Lanza F, Goff J, Silvers D, Winters J, Jhala N, Jennings D, Greski-Rose P
Houston Institute for Clinical Research, Texas, USA.
Dig Dis Sci. 1997 Dec;42(12):2529-36. doi: 10.1023/a:1018868713520.
Although eradication of Helicobacter pylori cures duodenal ulcer, some patients are not infected and others are treatment failures.
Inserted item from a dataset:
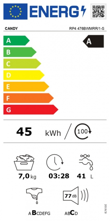 Candy | Washing Machine | RP4 476BWMRR/1-S | Energy efficiency class A | Front loading | Washing capacity 7 kg | 1400 RPM | Depth 45 cm | Width 60 cm | Display | TFT | Steam function | Wi-Fi | Anthracite

This randomized, double-blind, placebo-controlled study assessed the value of treatment with low-dose lansoprazole in preventing duodenal ulcer recurrence. One hundred eighty-six patients with endoscopic documentation of healed duodenal ulcer received 15 mg/day lansoprazole or placebo for 12 months or until ulcer recurred. Endoscopy results, symptom assessment, and fasting serum gastrin levels were obtained at multiple time points. Densities of E, EC, and G cells were assessed by biopsy when the ulcer recurred or at the final visit. Time to ulcer recurrence was significantly longer (P < 0.001) in the lansoprazole group (median >12 months) compared to placebo (median <3 months), and patients taking lansoprazole were asymptomatic longer (P < 0.05). Maintenance therapy with lansoprazole 15 mg/day suppresses acid and controls recurrence of duodenal ulcer disease.
尽管根除幽门螺杆菌可治愈十二指肠溃疡,但有些患者未感染幽门螺杆菌,还有些患者治疗失败。这项随机、双盲、安慰剂对照研究评估了低剂量兰索拉唑治疗预防十二指肠溃疡复发的价值。186例经内镜证实十二指肠溃疡已愈合的患者接受15毫克/天兰索拉唑或安慰剂治疗12个月,或直至溃疡复发。在多个时间点获取内镜检查结果、症状评估和空腹血清胃泌素水平。当溃疡复发或在最后一次就诊时,通过活检评估E、EC和G细胞的密度。与安慰剂组(中位数<3个月)相比,兰索拉唑组溃疡复发时间显著延长(P<0.001)(中位数>12个月),服用兰索拉唑的患者无症状时间更长(P<0.05)。15毫克/天兰索拉唑维持治疗可抑制胃酸并控制十二指肠溃疡疾病的复发。